Принципиальная трудность состоит в том, что все имеющиеся у нас в арсенале теории разработаны для описания процессов в обществе «экономическом», основаны на незыблемой вере в экономическое равновесие как аттрактор всех протекающих в экономике процессов, а социальные катаклизмы мы склонны рассматривать как внешние возмущения, уводящие систему от состояния равновесия, к которому она все равно при первой же возможности стремится вернуться. Между тем уже в самой экономической науке все шире распространяются сомнения в экономическом равновесии как «естественном» или «нормальном» состоянии экономики. Их высказывает, в частности, такой влиятельный экономист и социолог как М.Кастельс [17]. Его тезис состоит в том, что в информационном (иначе – «постэкономическом») обществе экономические процессы имеют не только иную природу, но и иную направленность. По его мнению, и территориальная организация информационного общества, включая и организацию расселения, претерпит самые существенные изменения в сравнении с обществом индустриальным.

В результате географам предстоит взяться за решение несравненно более сложных задач, нежели те, с которыми они сталкивались ранее: искать не просто аттракторы, т.е. области притяжения изучаемых процессов, а странные аттракторы, представляющие собой сложные непериодические решения. Такая задача едва ли может быть решена силами только самих географов, без сотрудничества с физиками и математиками, по крайней мере до тех пор, пока не вырастет поколение географов, которое со студенческой скамьи будет осваивать математический аппарат синергетики. Наша задача – создать концептуальные основы для такого сотрудничества, разработав операциональные теории, позволяющие применить к их развитию сначала понятийный, а затем – и математический аппарат синергетики.

Происходящая на наших глазах и в какой-то степени – при нашем участии научная революция разворачивается в условиях крайне неблагоприятного социального контекста. Переживаемый нами общий кризис рационализма, усугубляемый в нашей стране драматическим ухудшением материального положения науки и ученых, но вызванный болезненными явлениями в развитии всей западной цивилизации, имеет много тревожных и опасных симптомов. Среди них – снижение уровня высшего образования и, как следствие, — общего интеллектуального уровня, распространение нелепейших предрассудков даже в наиболее образованных слоях общества, фактическое банкротство системы всеобщего среднего образования, чему свидетельство — 12-15% полностью или почти неграмотных в населении ведущих экономических держав мира. Безусловно, трагическое угасание в современном обществе интереса к фундаментальным исследованиям, пренебрежение научным мировоззрением и, как следствие, снижение социального статуса ученых, их роли в формировании общественного мнения – всего лишь один из этих симптомов.

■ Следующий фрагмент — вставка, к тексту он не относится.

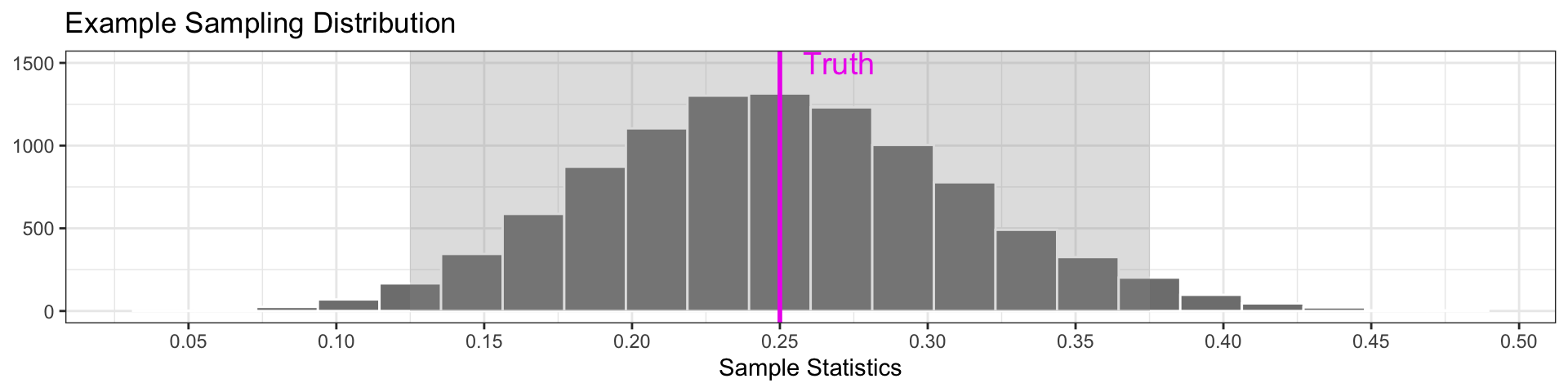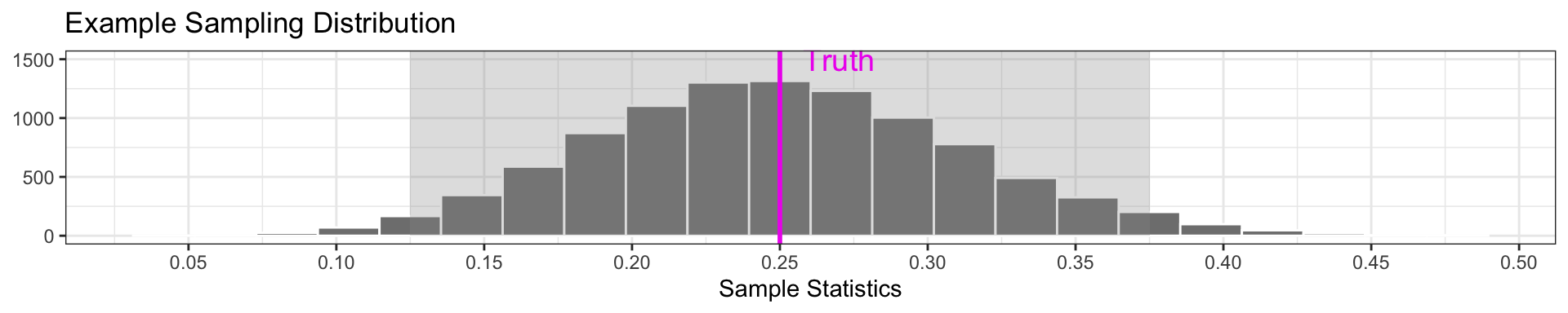 Implication: in the sampling distribution, 95% of sample statistics lie in the range: \[ \text{Parameter} \pm 2*\text{Standard Error} \] where the Standard Error is the standard deviation of the sampling distribution

В этих тяжелых условиях новые научные направления могут рассчитывать на общественное внимание и поддержку лишь в том случае, если решаемые ими задачи будут поставлены в соответствие важным общественным проблемам. При этом вторая важнейшая социальная функция науки – развенчание общественных предрассудков становится вровень с первой – достижением нового научного знания. Обе эти задачи могут решаться совместно в ходе синергетической революции и блестящий тому пример – исследования Д.Н.Люри, применившего представления о точках бифуркации, в которых ничтожные по силе, в т.ч. случайные, воздействия могут определить выбор траектории, к анализу процессов природопользования [1]. Не имея возможности подробно излагать результаты, полученные этим исследователем, мы лишь отметим развенчание чрезвычайно популярной и совершенно бессодержательной с научной точки зрения концепции устойчивого развития. Ее триумфальное шествие по всему миру вполне можно рассматривать как официальное признание невнимания к науке и пренебрежения институтами научной критики. Между тем, вопреки разглагольствованиям политиков и журналистов, серьезные научные исследования свидетельствуют о том, что высокая цена на ресурс с неизбежностью толкает развитие на кризисную траекторию и только кризис может восстановить равновесие между воспроизводством ресурса и его потреблением.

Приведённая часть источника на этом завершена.